9. Effect of new screening guidelines on recovery efficiency


In October 2020, the Foundation for Disease Control and Prevention drafted a recommendation to begin colon cancer screening at age 45 rather than at age 50 as previously recommended. This new recommendation is in line with recommendations from the American Cancer Society, which lowered the recommended age for screening from 50 to 45 in June 2018. According to the American Foundation for Disease Control and Prevention, screening Colorectal cancer for people aged 45-49 is a category B recommendation, which means there is strong evidence that there is a true mean benefit or moderate evidence that there is a significant benefit.

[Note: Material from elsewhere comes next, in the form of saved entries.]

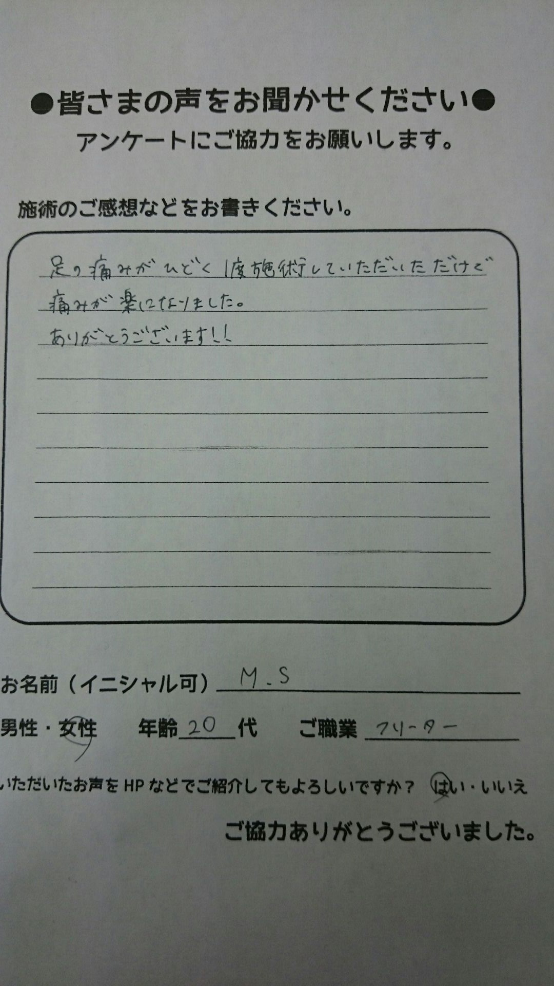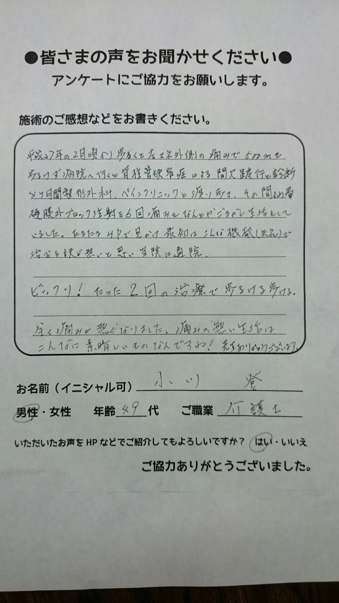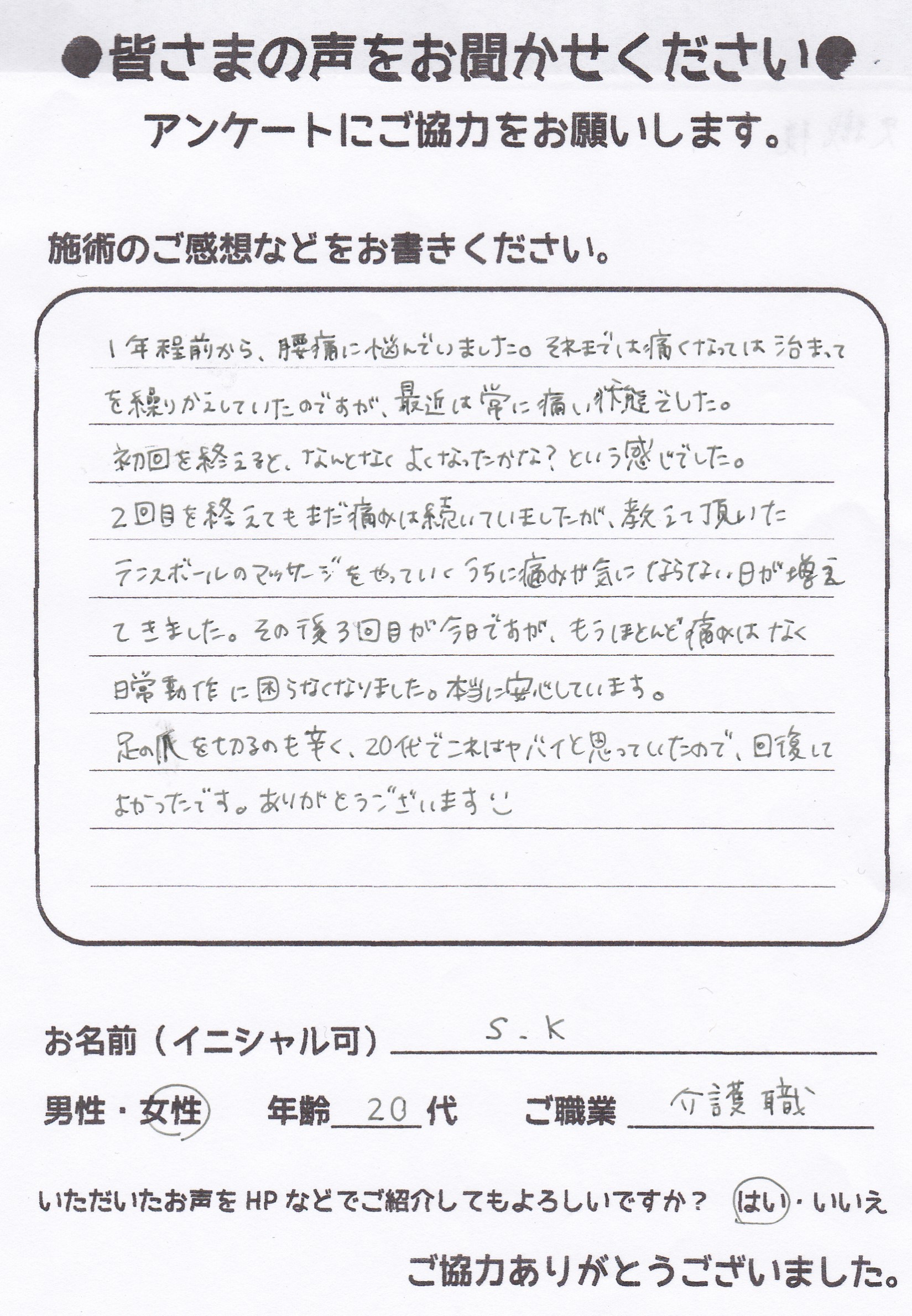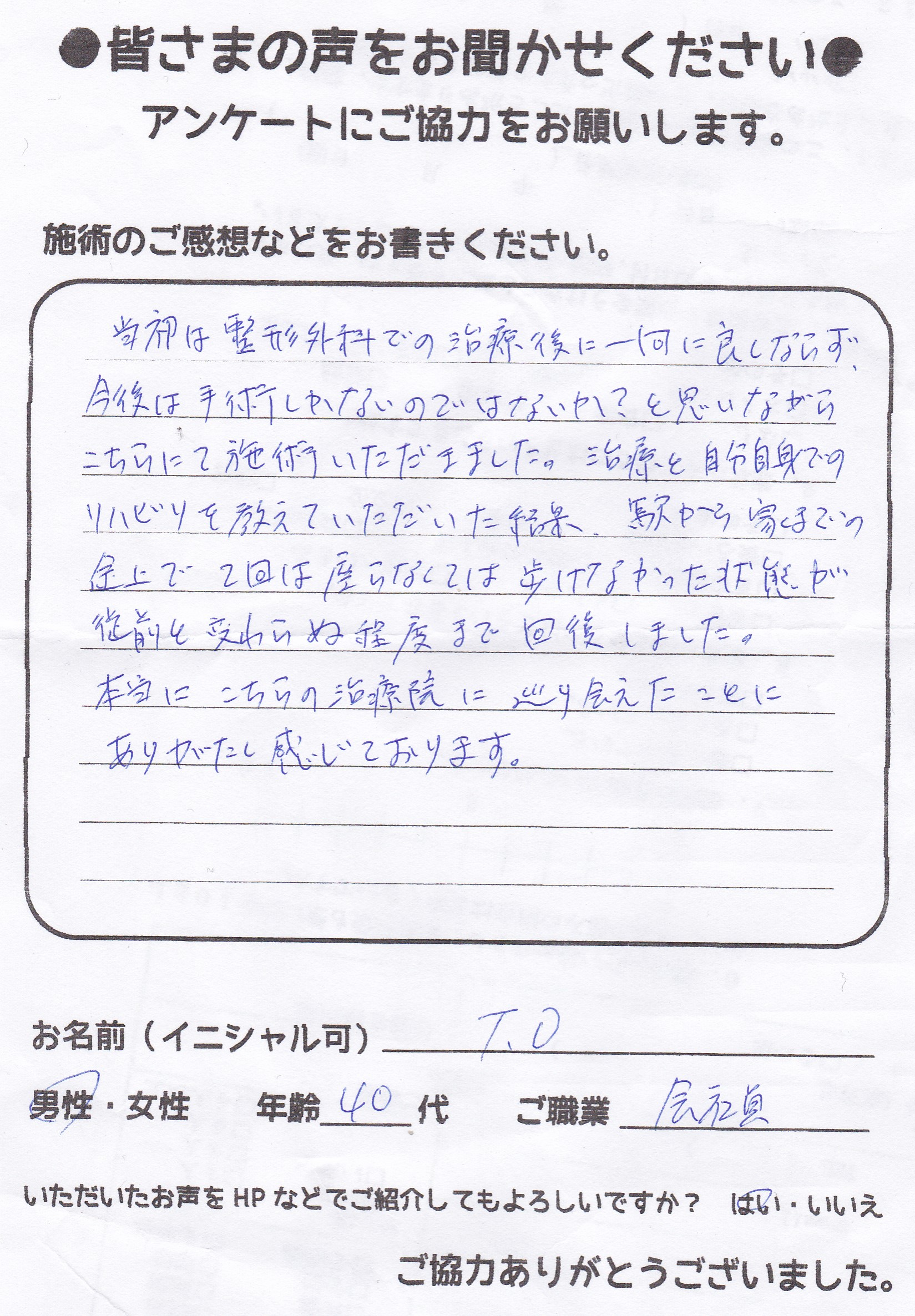 こんにちは!望月治療院の望月です。椎間板ヘルニアで来院した患者様から施術の感想を頂きました。すっかり良くなって私も嬉しいです!ご協力頂きありがとうございました!50代 女性 S,Y様 【品…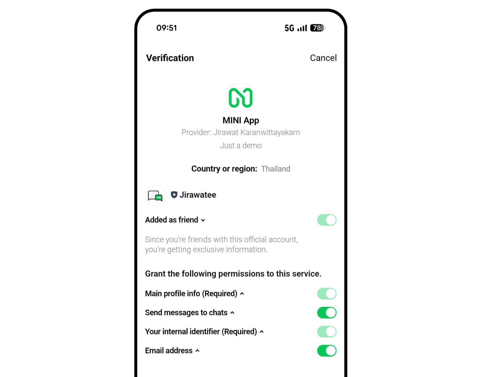 หลังจากที่เราได้เชื่อมต่อ LINE MINI App เข้ากับ LINE Chatbot แล้ว เราจะสามารถตรวจสอบสถานะความเป็นเพื่อนระหว่าง ผู้ใช้งาน กับ LINE Chatbot ได้อีกด้วย ทั้งนี้เราอาจต้องการยืนยันว่าผู้ใช้งานรายนั้นๆ ได้เพิ่ม LINE Chatbot ของเราไปเป็นเพื่อนแล้ว ก่อนที่เราจะส่งข้อความไปหาเขา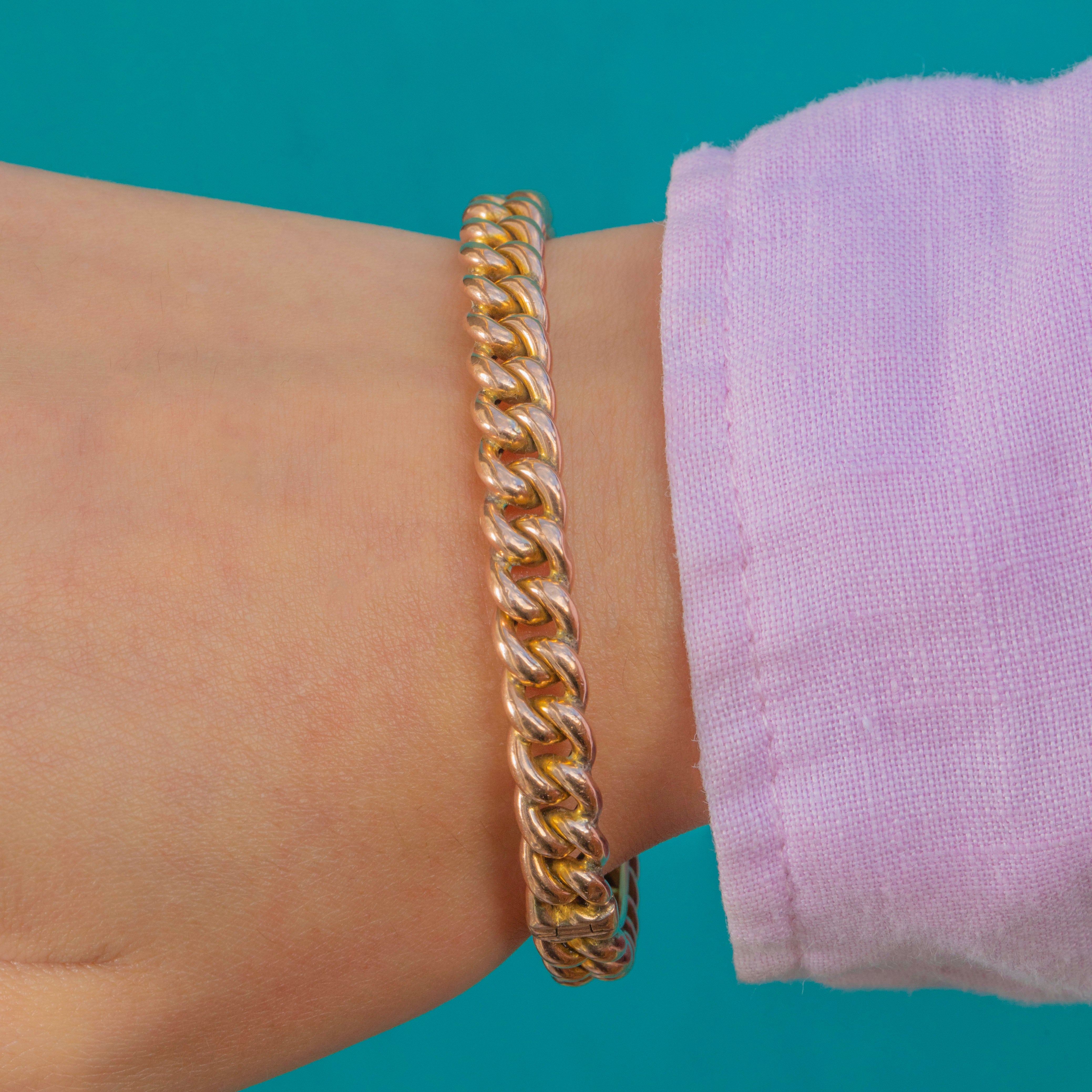 This antique 9ct Gold curb bangle is a gorgeous Victorian classic, dating to c.1900. The rounded curb links form a smooth, continuous row of Gold around the wrist, giving it a sleek yet substantial feel.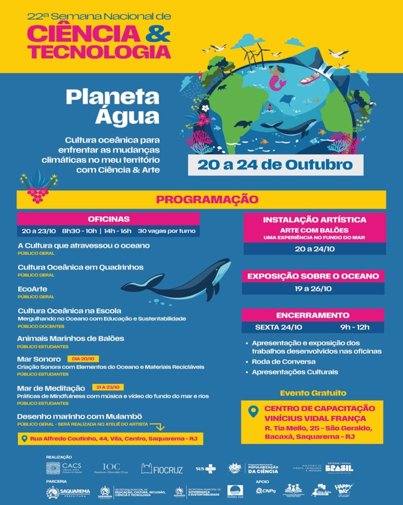 Integrando o calendário da 22ª Semana Nacional de Ciência e Tecnologia, promovida pelo Ministério da Ciência, Tecnologia e Inovação (MCTI), a edição saquaremense tem como tema “Planeta Água: Cultura Oceânica para Enfrentar as Mudanças Climáticas no Meu Território”. A proposta é unir ciência, arte e educação ambiental em uma programação interativa e voltada à preservação dos oceanos e à sustentabilidade.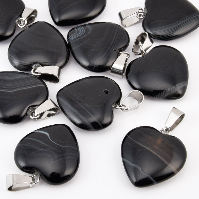 Подвеска Сердце, Натур. камень Агат черный, 20х20 мм (POD-058531) / 1 шт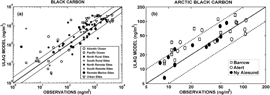 A comparison of model results for the surface mass concentration of BC with observations on selected worldwide measurement sites is presented in Figure 2a, with the thin lines highlighting a factor of two deviations. The observations used here are those referenced by Liousse et al. [45] and Penner et al. [34]. A similar evaluation of the model results is made for the Arctic region in Figure 2b, using monthly averaged values over three Arctic stations (Barrow, Alert and Ny Alesund). In this case, the observed values are decadal averages reported in Quinn et al. [46] and Sharma et al. [47]. A model overestimation is observed at Barrow during the BC peak concentration time of the year (i.e., springtime) and a systematic positive bias for the summertime minimum values at all stations (see Figure 3).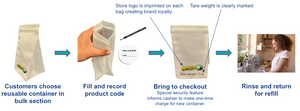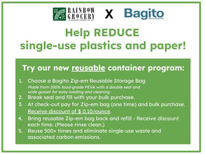 Bagito's new reuse for the bulk aisle program provides retailers with a complete program to support reusable bulk purchasing in reusable containers.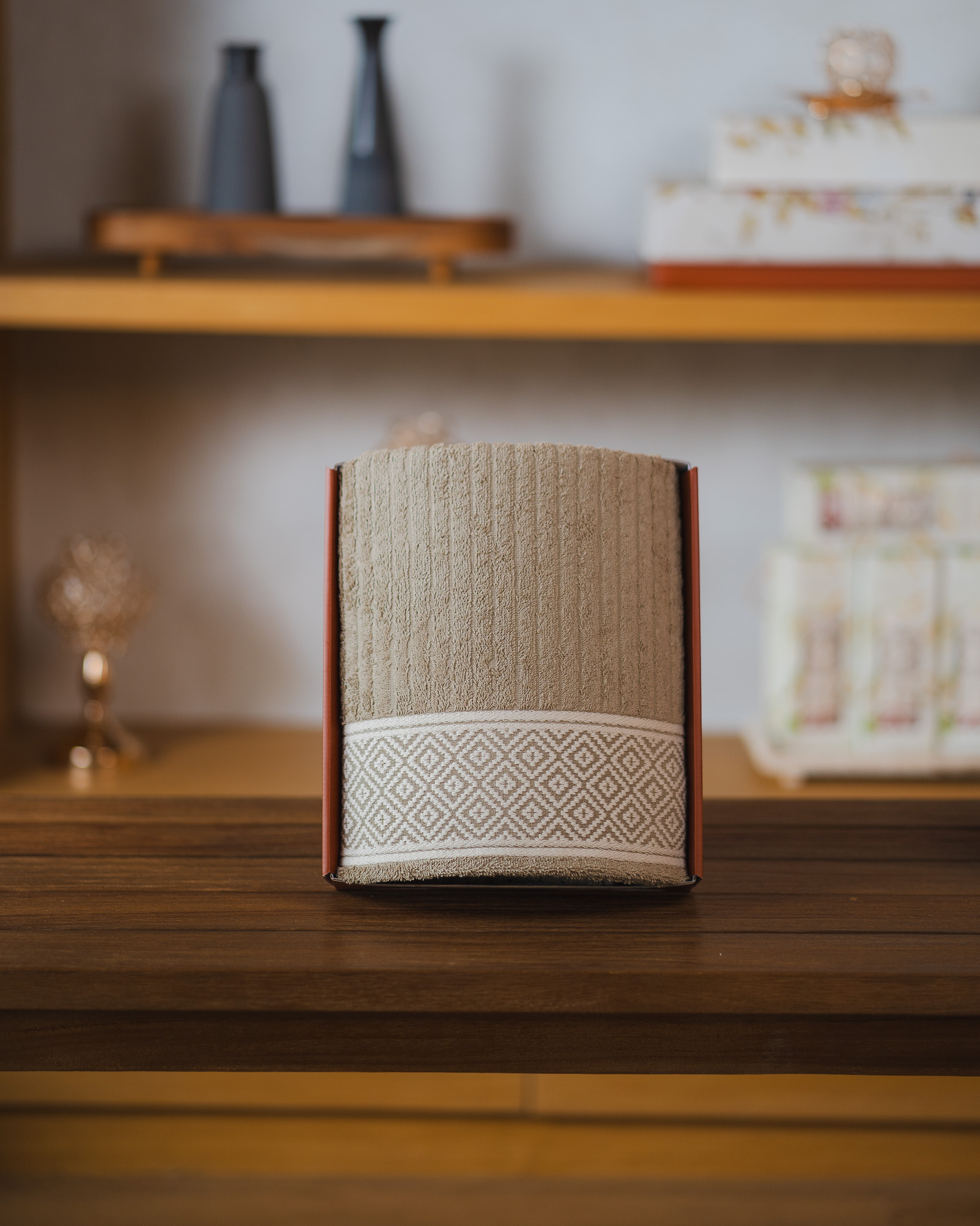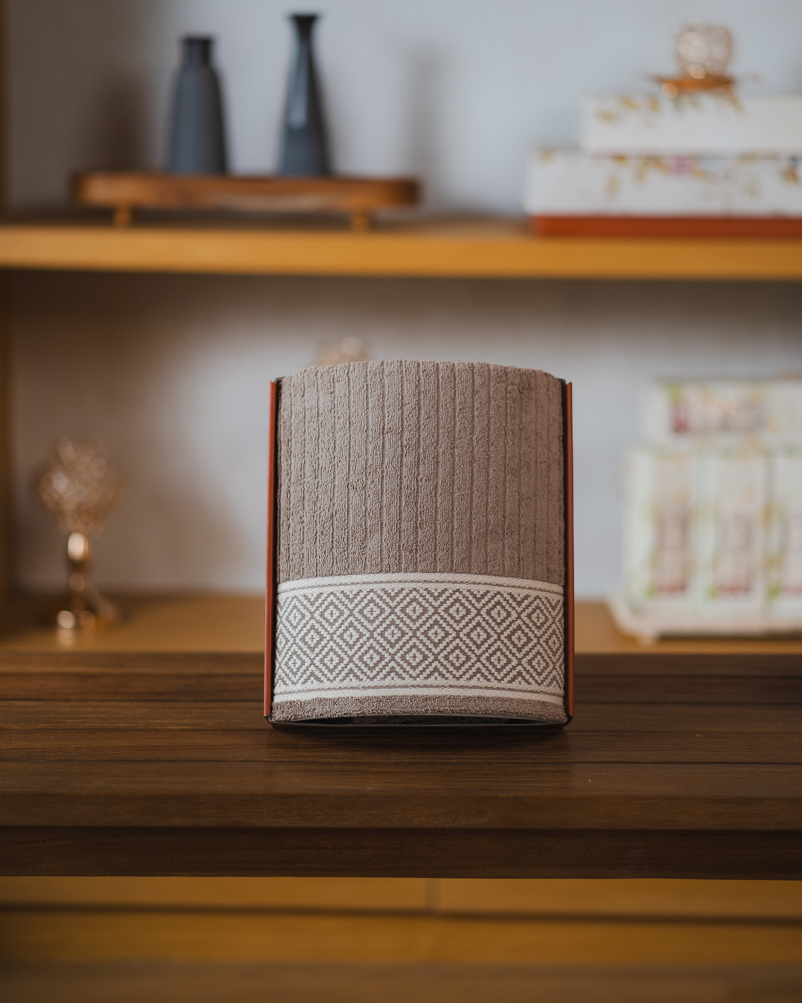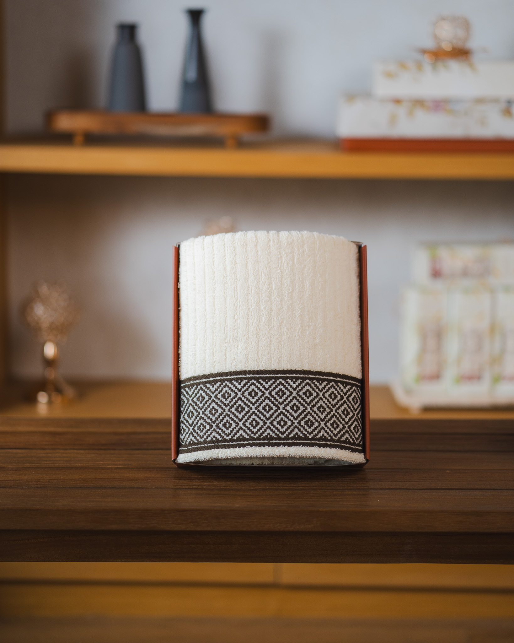 Detail motif border geometrik khas Elora menambah karakter elegan yang timeless, sementara pilihan warna-warna natural seperti Cream, Grey, dan Sand memberikan nuansa hangat dan timeless yang mudah dipadukan. Dikemas dalam gift box eksklusif Hillmore, Single Gift Elora siap menjadi persembahan yang penuh gaya untuk berbagai momen spesial.

Meanwhile, screening for people aged 50-75 is a category A recommendation, which means there is a high degree of certainty that there is a significant benefit. This new recommendation would make more than 20 million Americans, ages 45-50, eligible for screening. This adds up to 20 million people waiting for colorectal cancer screening in addition to the COVID-19-related backlog whose screening has been halted. This further increases the need for a new public health strategy to ensure that those at highest risk of colorectal cancer are prioritized for screening. If resources are not distributed appropriately, there is a risk of diverting health care resources away from those with high risk factors and alarming symptoms. This problem can be addressed by using noninvasive stool-based screening tests and stratifying the patient's risk based on individual risk factors and the presence of alarming symptoms. motion.